Un maliciel taillé pour se fondre dans le décor

Le nouvel outil, baptisé LONGLEASH, sert à prendre pied durablement sur des équipements réseau accessibles depuis l’extérieur. Une fois installé sur un routeur vulnérable, il transforme la machine en maillon d’une infrastructure destinée à masquer l’origine réelle des opérations du groupe.

Les ORB sont devenus l’arme discrète par excellence des acteurs étatiques. Plutôt que d’attaquer depuis leurs propres serveurs, les opérateurs font transiter leur trafic par une nuée d’appareils compromis appartenant à des tiers. Résultat : le trafic malveillant se noie dans un maillage d’adresses IP banales, et l’attribution devient un casse-tête.

Les routeurs non patchés, éternel talon d’Achille

Le vecteur d’entrée n’a rien d’exotique : des routeurs Ruckus qui n’ont jamais reçu leurs correctifs de sécurité. Un équipement réseau exposé et laissé en l’état, c’est une invitation ouverte. Les groupes comme UAT-7810 ne s’embarrassent pas de zero-day sophistiqués quand une faille connue et publiée fait déjà l’affaire.

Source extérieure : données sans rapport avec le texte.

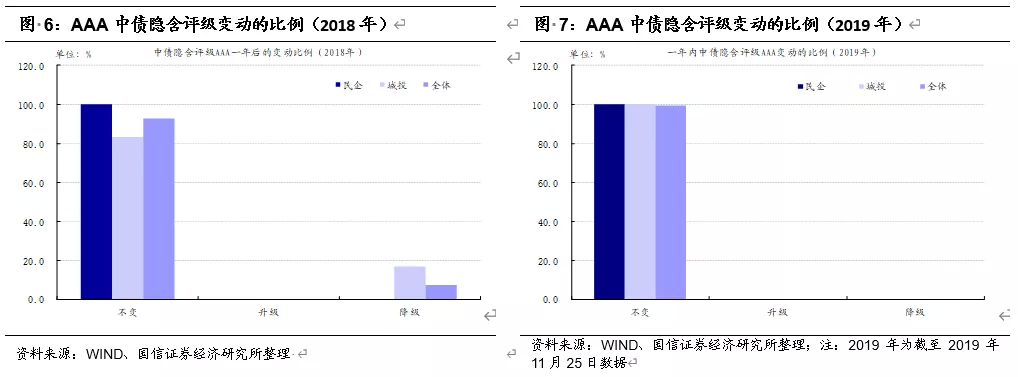 (3)中债市场隐含评级AAA的民企债,“另类降级风险”低于城投债;
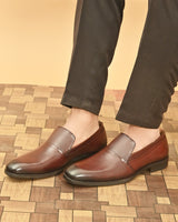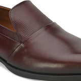 Newman Cherry Textured Formal Slip-Ons. Handcrafted with Italian Leather Upper Genuine Leather Lining , Inner Soles & TPR Sole. Only Grade-A Leather used. San Frissco Luxor shoes are hand-finished and couture-level creations. Hence, each shoe will have a unique hue and polish, and the color may differ slightly from the picture.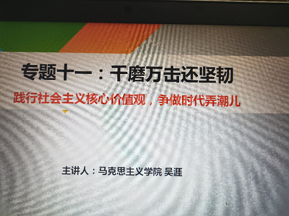 吴涯副教授主讲,讲课主题为“践行社会主义核心价值观,争做时代弄潮儿”。本次授课采用了QQ群课堂的线上教学形式,选课同学按时、全部参与了此次线上教学活动。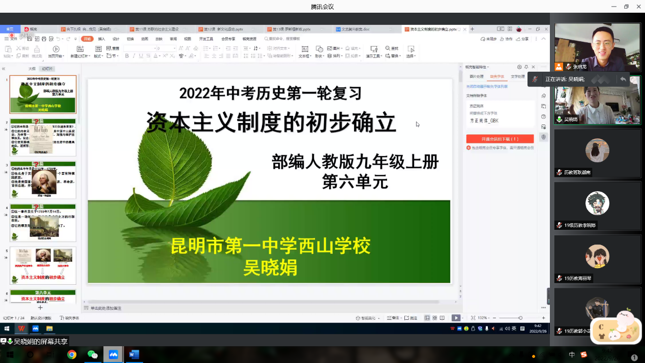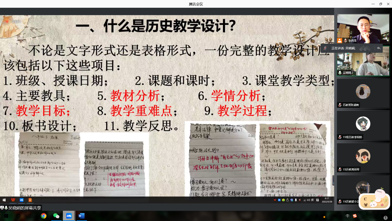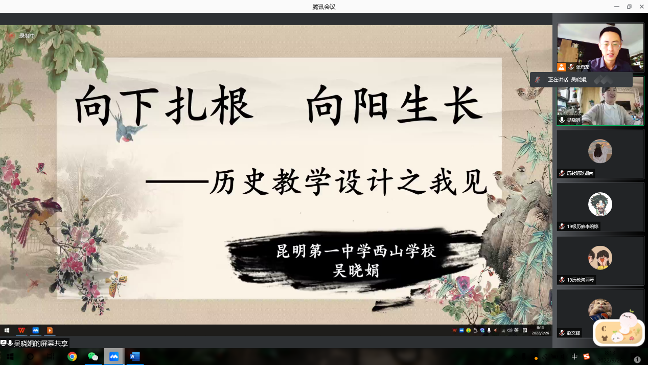 为了推动历史师范专业认证的深入开展,提高学院师范教育的水平与质量,促进大中学师范教育一体化建设,永利3044noc于2022年9月26日上午进行了“历史名师面对面”系列讲座第五讲。部分历史学(师范)本科生和学科教学(历史)全体研究生,参与了线上腾讯讲座。本次讲座邀请了云南昆明第一中学西山学校教学名师吴晓娟主讲,主题为“向下扎根,向阳生长——历史教学设计之我见”,活动由历史系副主任张启龙老师主持。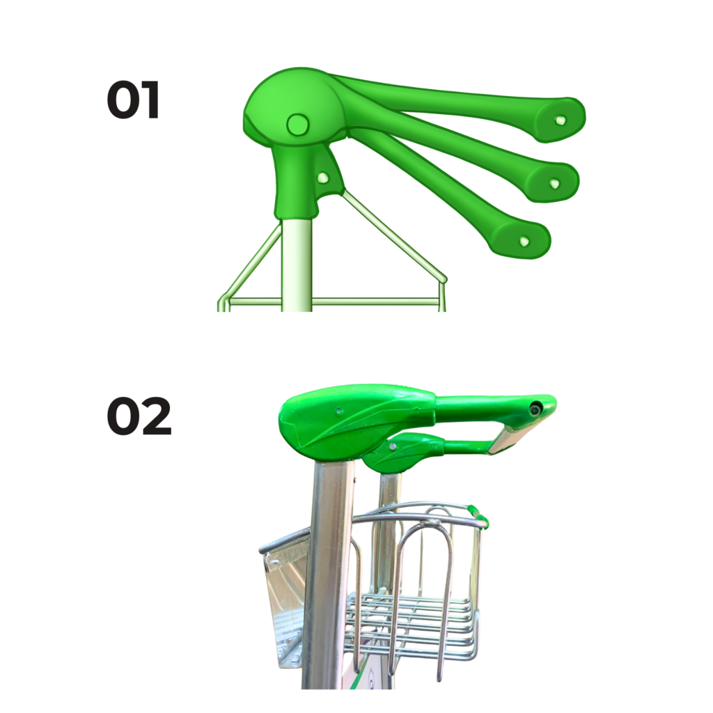 The push handle of hand friendly EXLAN releases the brake by moving up or down. The handle integrates pictograms with user and safety instructions. The basket‘s handle aids in the steering of the cart and increases the handling comfort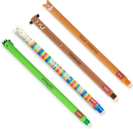 LPNHE916044846 – NAPĘD – Zestaw 4 żelowych gumek do ścierania, Motywy Dinozaur, Miś, Corgi, Llama, Kulka na końcu do usuwania atramentu – Czarny, Niebieski, Zielony, Czerwony, Czuły na temperaturę, Średnica końcówki 0,7 mm – B950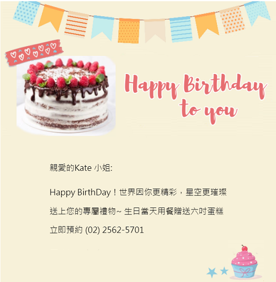 企業應致力於提高顧客價值,使顧客得到更高的滿意度。知名餐飲品牌「金色三麥」為其會員準備了驚喜,只要會員於生日當天來店慶生,即可享有六吋蛋糕。金色三麥此舉不僅吸收更多新會員,也為這些會員留下美好的回憶,同時提高了顧客價值。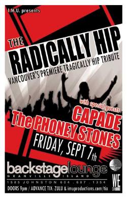 . Friday, September 7th I.M.U. presents The RADICALLY HIP w/ CAPADE & The PHONY STONES @ The Backstage Lounge on Granville Island (1585 Johnston St.) . 9pm / $10 - Purchase advance tickets online at http://www.imuproductions.com/tix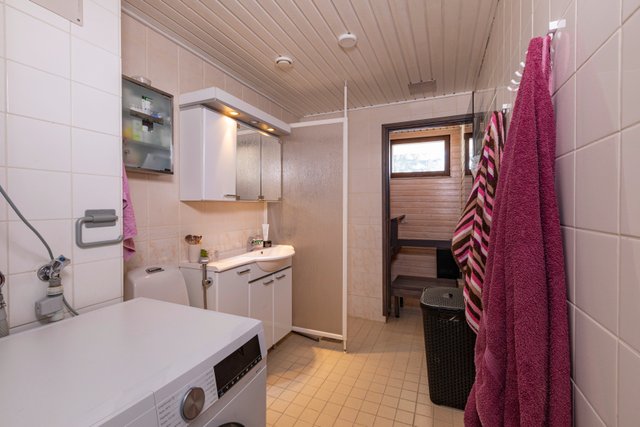 - Pesukoneliitäntä, lattialämmitys, wc-istuin, suihku, peili, ja kylpyhuonekaapisto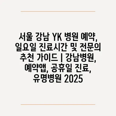 서울 강남 YK 병원 예약, 일요일 진료시간 및 전연락 추천 설명서 | 강남병원, 예약앱, 공휴일 진료, 유명병원 2025 에 대해 자주 묻는 질문 TOP 5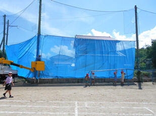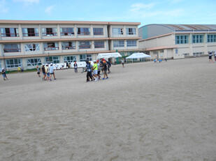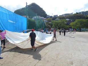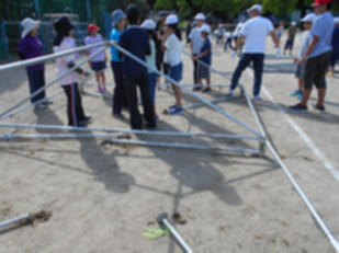 まだ日差しがきつい日が続いていますが、水曜日の第1回の練習に向けて職員と6年生で運動会のテントをたてました。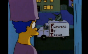 - The page image comes from The Simpsons episode, Bart the Murderer, with a government agency hiding out in a florist van. The florist's name: Flowers By Irene.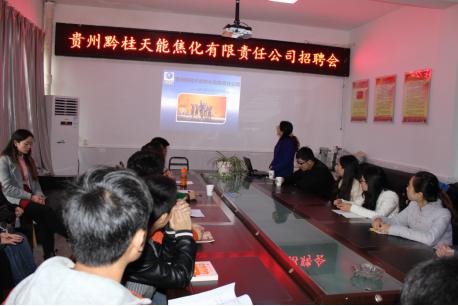 3月24日下午,贵州黔桂天能焦化有限责任公司专场招聘会在化学化工学院会议室举行,化学化工学院党总支书记杨莉莉、学生科科长柯杨、辅导员以及2012级毕业班、2013级化学工程与工艺专业学生参加本次招聘会。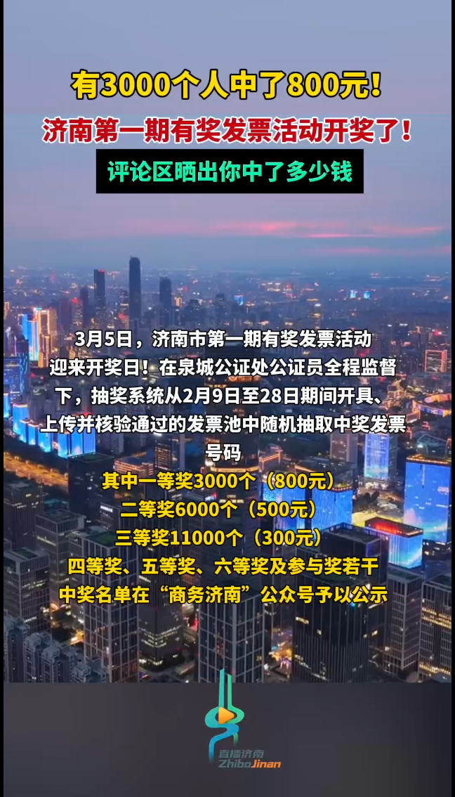 商务发布济南首期有奖发票开奖,有3000个人中了800元!齐鲁壹点 | 18:11 原创大众新闻·齐鲁壹点 微信扫码扫码下载客户端3月5日,济南市第一期有奖发票活动迎来开奖日。其中,一等奖(800元)3000个、二等奖(500元)6000个、三等奖(300元)11000个,以及四等奖、五等奖、六等奖和参与奖若干。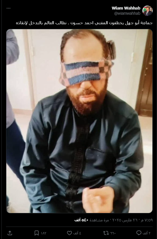 جماعة أبو جهل يخطفون المفتي احمد حسون نطالب العالم بالتدخل لإنقاذه.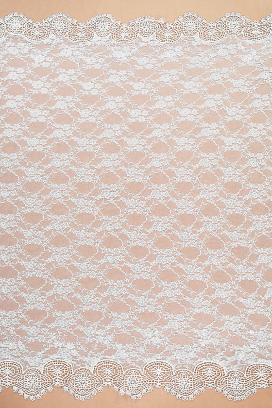 Belle dentelle élastique blanc cassé avec un motif floral. La couronne est finie des deux côtés avec une dent en guipure. Parfait pour coudre une robe de mariée, un chemisier de style bohème.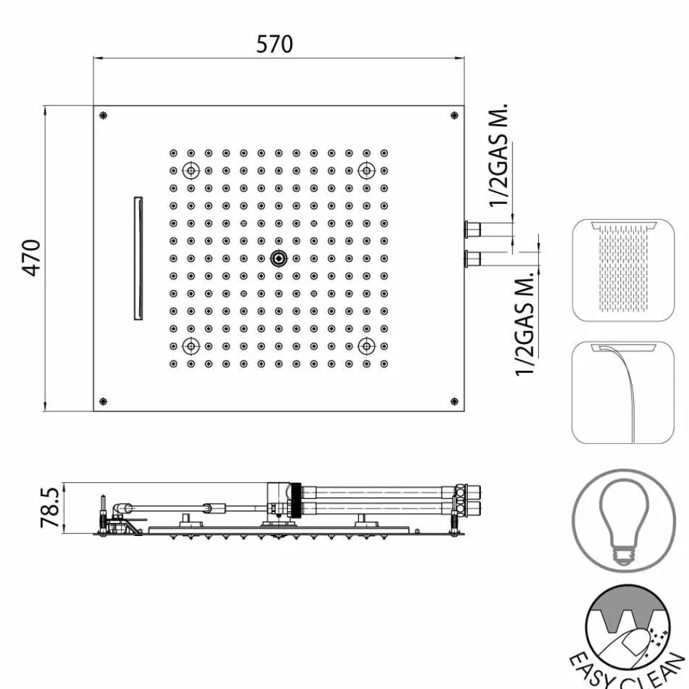 – Duschkopf Dream/2 mit zwei Strahlfunktionen (Regen und Wasserfall) mit Licht LED weiß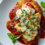 Crispy breaded chicken topped with rich marinara sauce and melted mozzarella, finished in the oven for a golden bubbly finish. This comforting Italian American classic is perfect for serving over pasta or enjoying on its own.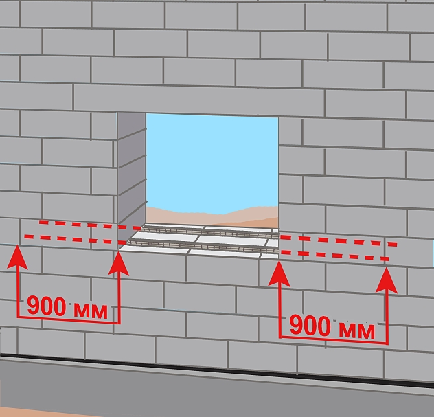 53. Следует армировать зоны под оконными проемами. Арматура должна быть заведена на 900 мм в каждую сторону от края проема.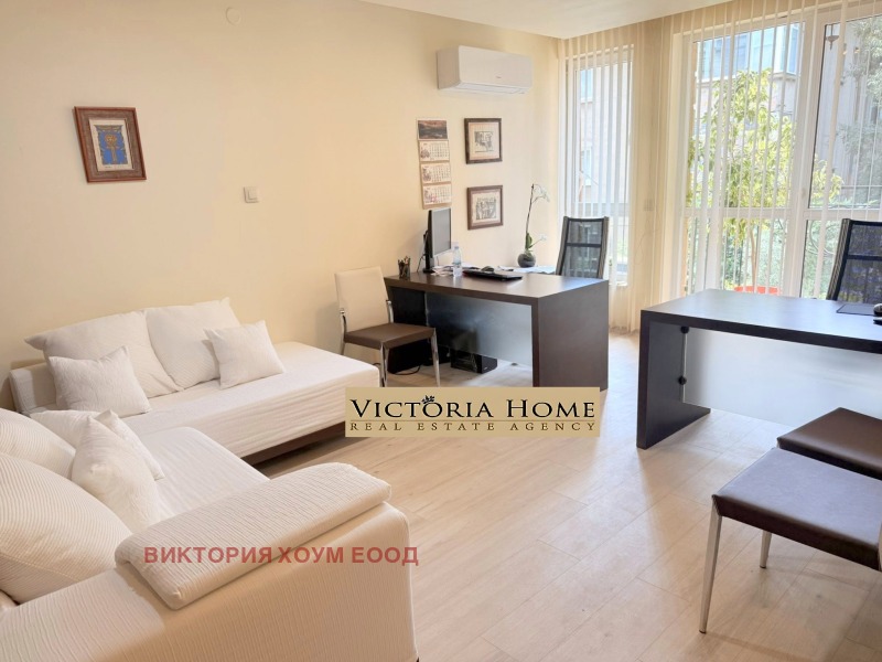 Намира се в нова сграда с Акт 16 - луксозно сторителство с парапети от ковано желязо, в самият супер център на града - в близост до пл. Тройката, църквата Св. Св. Кирил и Методий , Съдебната палата, офиси на няколко нотариуса са в съседство, банки, най-елитното училище в града Св. Св. Кирил и Методий , главната Александровска в най-добрата и част е на 2 мин, на около 500м от Морската градина, Летния театър и плажа и т.н. Всичко е наоколо и това създава много удобства и се пести време и енергия!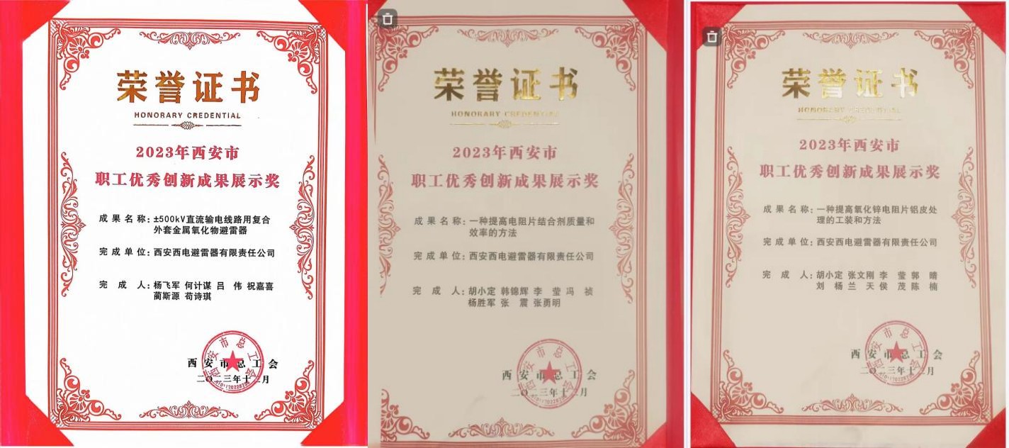 本次参展的三项成果分别为何计谋劳模创新工作室的“±500kV 直流输电线路用复合外套金属氧化物避雷器”和胡小定创新工作室“一种提高电阻片结合剂质量和效率的方法”、“一种提高氧化锌电阻片铝皮处理的工装和方法”。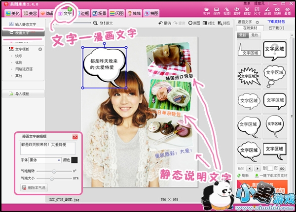 3、添加好图片后,来加上一些可爱的漫画文字。

La parade tient en quelques gestes d’hygiène numérique. Appliquer les mises à jour dès leur publication, retirer d’Internet toute interface d’administration qui n’a rien à y faire, et remplacer le matériel en fin de support. Un routeur qui ne reçoit plus de patchs ne protège plus personne. Il travaille désormais pour quelqu’un d’autre.